TASK REQUIREMENTS: Retype the lines below exactly, but only those from the line that has "My latest project" through the line that has "顺利经过或长或短的生长期,各". Omit every picture.
- - -
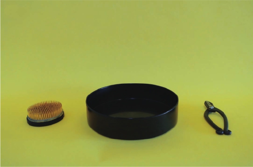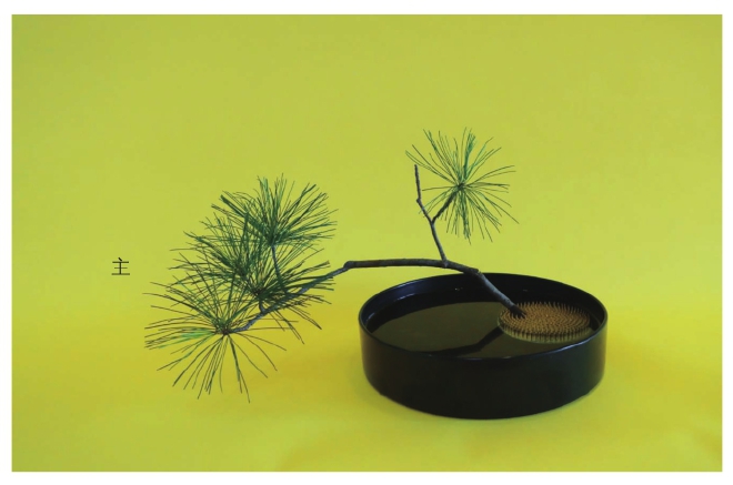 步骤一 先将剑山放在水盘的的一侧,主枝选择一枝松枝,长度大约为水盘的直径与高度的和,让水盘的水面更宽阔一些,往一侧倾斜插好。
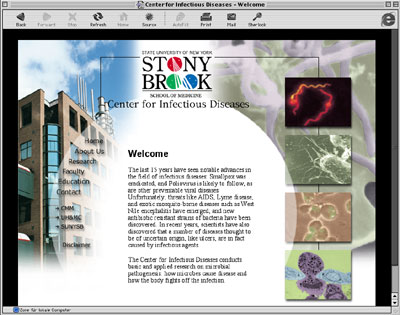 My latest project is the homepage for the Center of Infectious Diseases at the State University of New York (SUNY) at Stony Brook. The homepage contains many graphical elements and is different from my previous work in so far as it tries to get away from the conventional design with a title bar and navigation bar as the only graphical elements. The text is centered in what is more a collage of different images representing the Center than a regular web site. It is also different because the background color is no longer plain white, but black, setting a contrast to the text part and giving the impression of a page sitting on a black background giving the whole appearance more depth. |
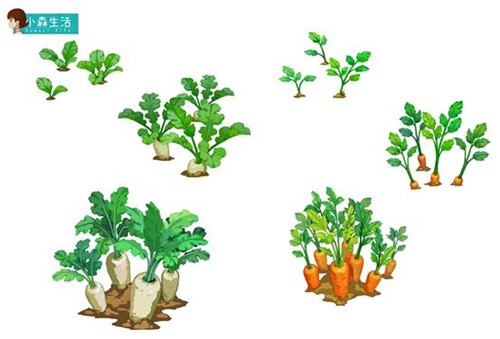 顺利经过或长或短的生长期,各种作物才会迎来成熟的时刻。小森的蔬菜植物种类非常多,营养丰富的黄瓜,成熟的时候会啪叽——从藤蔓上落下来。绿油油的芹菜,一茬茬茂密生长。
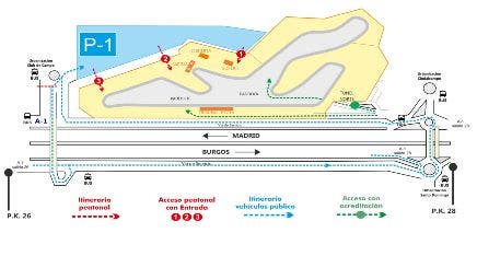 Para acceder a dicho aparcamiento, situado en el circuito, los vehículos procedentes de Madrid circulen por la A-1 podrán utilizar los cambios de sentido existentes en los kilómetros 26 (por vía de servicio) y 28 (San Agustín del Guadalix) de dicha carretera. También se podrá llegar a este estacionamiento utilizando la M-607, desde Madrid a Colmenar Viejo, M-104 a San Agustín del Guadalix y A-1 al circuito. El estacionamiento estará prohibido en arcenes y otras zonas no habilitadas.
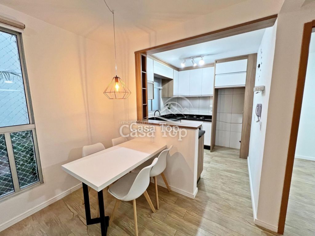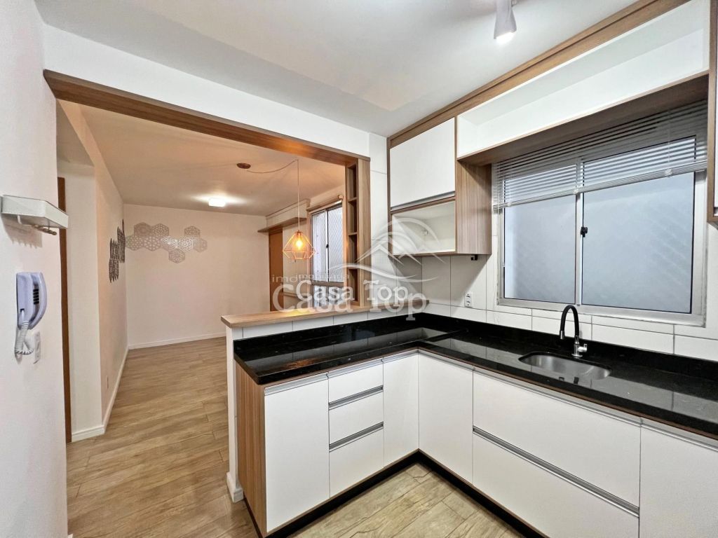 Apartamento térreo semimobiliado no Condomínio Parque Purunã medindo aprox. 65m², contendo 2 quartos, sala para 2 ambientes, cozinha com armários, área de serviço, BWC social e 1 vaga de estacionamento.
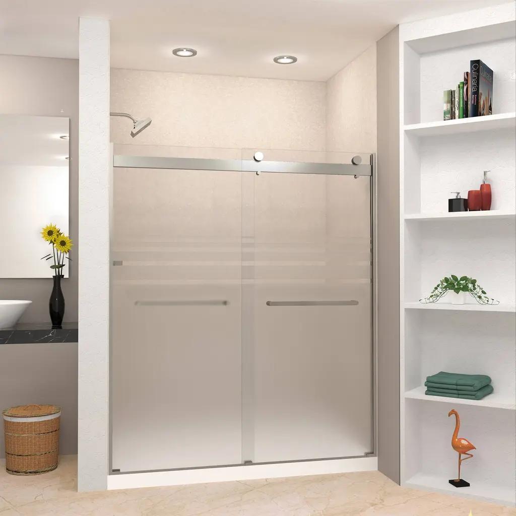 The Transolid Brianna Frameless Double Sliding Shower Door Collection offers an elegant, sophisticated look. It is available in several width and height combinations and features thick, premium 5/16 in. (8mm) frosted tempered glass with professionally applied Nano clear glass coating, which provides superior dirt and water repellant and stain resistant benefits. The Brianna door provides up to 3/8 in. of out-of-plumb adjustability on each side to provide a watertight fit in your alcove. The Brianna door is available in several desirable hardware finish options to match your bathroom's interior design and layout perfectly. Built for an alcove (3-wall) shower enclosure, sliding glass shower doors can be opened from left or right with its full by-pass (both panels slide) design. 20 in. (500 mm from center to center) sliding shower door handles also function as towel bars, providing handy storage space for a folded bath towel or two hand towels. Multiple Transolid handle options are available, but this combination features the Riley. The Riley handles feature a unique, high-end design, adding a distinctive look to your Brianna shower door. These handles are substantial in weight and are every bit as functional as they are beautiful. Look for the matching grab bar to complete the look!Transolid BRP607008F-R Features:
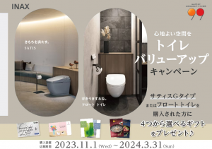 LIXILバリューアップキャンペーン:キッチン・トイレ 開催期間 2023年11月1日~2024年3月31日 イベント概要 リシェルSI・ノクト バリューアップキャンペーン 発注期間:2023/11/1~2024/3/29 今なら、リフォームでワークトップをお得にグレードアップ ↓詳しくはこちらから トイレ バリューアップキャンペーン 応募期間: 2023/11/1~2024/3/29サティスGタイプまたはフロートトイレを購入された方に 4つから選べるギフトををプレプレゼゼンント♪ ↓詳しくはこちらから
- - -
ANSWER SECTION:
 My latest project is the homepage for the Center of Infectious Diseases at the State University of New York (SUNY) at Stony Brook. The homepage contains many graphical elements and is different from my previous work in so far as it tries to get away from the conventional design with a title bar and navigation bar as the only graphical elements. The text is centered in what is more a collage of different images representing the Center than a regular web site. It is also different because the background color is no longer plain white, but black, setting a contrast to the text part and giving the impression of a page sitting on a black background giving the whole appearance more depth. |
 顺利经过或长或短的生长期,各种作物才会迎来成熟的时刻。小森的蔬菜植物种类非常多,营养丰富的黄瓜,成熟的时候会啪叽——从藤蔓上落下来。绿油油的芹菜,一茬茬茂密生长。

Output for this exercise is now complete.